#ubuntu-my 2011-08-15
<digitalwound> yo
<wisevoyager> As-salam., selamat bernbuka pose sumer..,
<shah`> wb Azhax
#ubuntu-my 2011-08-16
<KageSenshi> any of you guys saw the FOSS @ HiTB post in any of the local foss ml? .. (eg: myoss/osdcmy) ?
<KageSenshi> didnt post to ubuntu-my as i'm not subscribed to it .. anyway anybody from this channel going to take the offer?

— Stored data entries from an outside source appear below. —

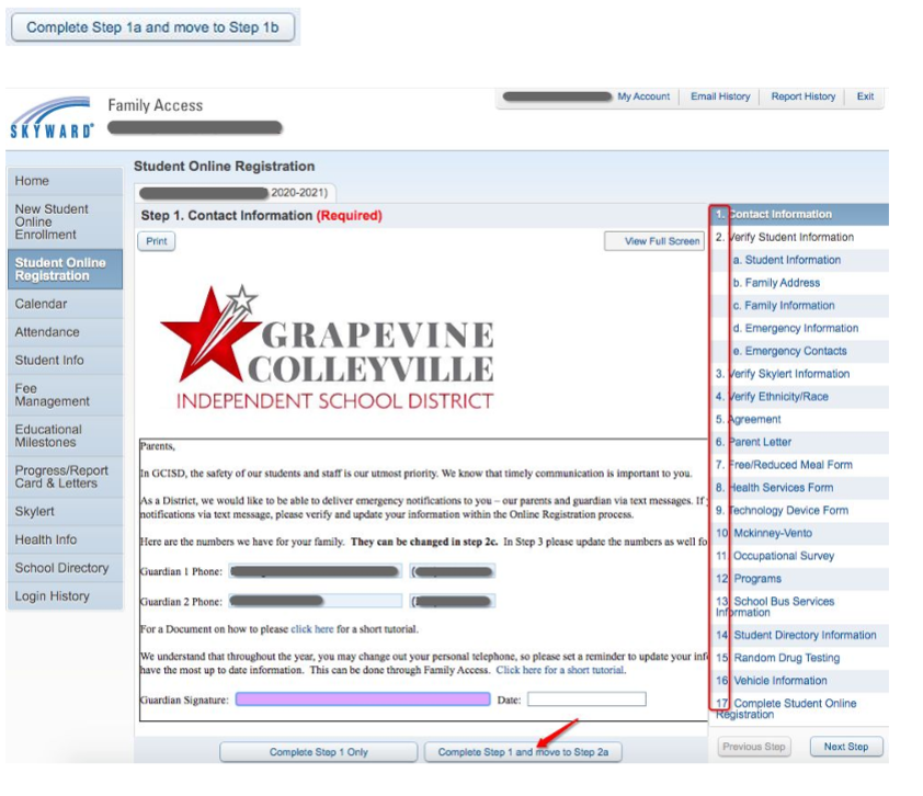 This includes students who are transitioning from one campus to another- such as elementary to middle school. Online registration must be completed for each new/returning student in the district prior to the start of the new school year. The registration process allows you to verify that the information we have on file is accurate. Parents and guardians in the student's primary family will have access to online registration. The student's primary family is the one in which the student primarily resides and to whom the student's residency address was assigned. Secondary families and parent/guardians in those families can still use Family Access but can not complete the online registration process. If you have any questions you can check the GCISD Registration website to see more information on registration.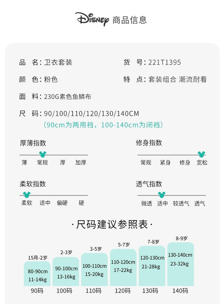 迪士尼童装儿童套装春装新款婴儿宝宝女童运动服两件套洋气221T1395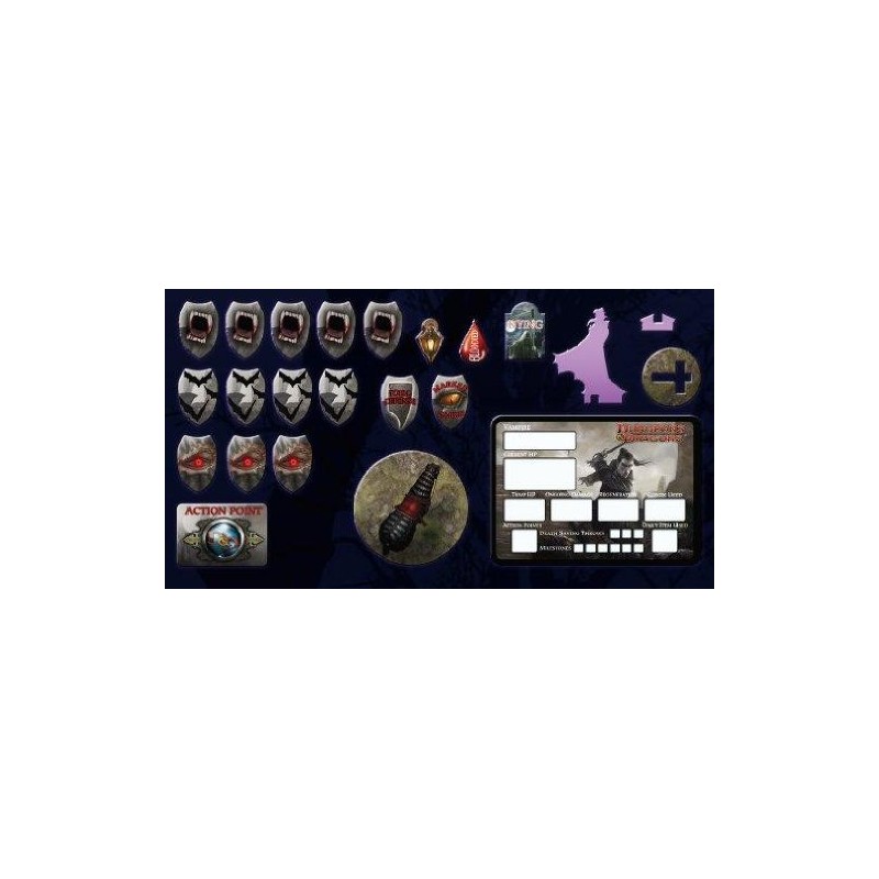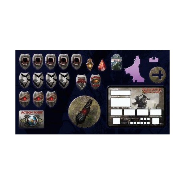 The Action Point Tile is a handy reminder for players to make an extraordinary move to turn the tide of combat. The Light Source token can be slipped onto the base of your model when your character is scouts ahead of party with a torch or lantern. The Bloodied token conveniently marks your model when the never-ending battle begins to take its toll, while the Dying token reminds the group that you may have disarmed your last trap.

<KageSenshi> anyway if any of you guys interested just buzz me
<kstan> hi, anybody here?
<sweemeng_> kstan, yo
<sweemeng_> wassup
<kstan> nothing, long time never been here.
<sweemeng_> yeah
<sweemeng_> here is a bit boring
<kstan> how your job?
<sweemeng_> spend more time in #myoss now
<sweemeng_> kstan, same thing
<sweemeng_> just a job
<sweemeng_> side project is more iteresting
<kstan> oh, at last company?
<sweemeng_> s/isteresting/interesting
<sweemeng_> no site project to learn technology on my own
<sweemeng_> lol
<sweemeng_> s/site/side
<kstan> ic ic, u wan to sed something?
<sweemeng_> it is a irc convention to tell people that the word really mean the other work
<sweemeng_> lol
<kstan> ah?i dunno at all.. sorry ya.
<sweemeng_> no problem
<sweemeng_> just a niche thing
<sweemeng_> don't worry about it
<sweemeng_> lol
<kstan> last time the foss at penang u go?
<sweemeng_> nope
<sweemeng_> need to work
<sweemeng_> that time
<kstan> anyway, last event  I believe less people go
<kstan> expensive, and I guess speaker less popular.
<sweemeng_> yeah that too
<sweemeng_> the organizer know that
<kstan> except that event, got others event at KL recently?
<sweemeng_> yeah 
<sweemeng_> i involve with a hackathon with gtug
<sweemeng_> and one with node.js
<sweemeng_> and barcamp
<sweemeng_> otherwise not much
<kstan> ic, next event is?
<sweemeng_> no more liao
<sweemeng_> fedora day
<kstan> oh.. too bad.
<kstan> KatieKitty: Hi
<sweemeng_> http://www.facebook.com/event.php?eid=152923404776693
<KatieKitty> hi kstan! :)
<kstan> at least now got 3 person here.
<sweemeng_> haha
<kstan> 10 september fedora event. organize like barcamp?
<sweemeng_> yeah
<sweemeng_> by kage
<sweemeng_> check with him on #fedora-my
<kstan> 1 day session.
<sweemeng_> yeah
<kstan> hi sweemeng.
<sweemeng_> kstan, ...
<sweemeng_> ><
<kstan> I wonder at this moment at KL open source consider active or not (Government).
<sweemeng_> not so much
<sweemeng_> but then not the best person to ask too
<kstan> haha..
<sweemeng_> maybe syazwan can answer you better
<kstan> this saturday will meet him. He come my company oss activity.
<sweemeng_> i know
 * sweemeng_ too lazy to travel 
<sweemeng_> haha
<sweemeng_> the boss was asking me to organize one too
<kstan> small event la.
<kstan> monthly basis?
<sweemeng_> except it is in sungai way
<sweemeng_> ><
<sweemeng_> my office is in sungai way, a.k.a very far
<sweemeng_> ><
<sweemeng_> meanwhile back to work
<kstan> it need patient,
<kstan> and got people continually do.
<sweemeng_> we do have a spot now, 
<kstan> KL enjoy. JB damn slow.
<sweemeng_> a guy sponsor the place
<sweemeng_> haha
<sweemeng_> kstan, well each have pro
<sweemeng_> we just have more people
<sweemeng_> the same way that we look at singapore and say that kl is not big enough
<sweemeng_> lol
<kstan> the IT specialist much weaker if compare to Singapore.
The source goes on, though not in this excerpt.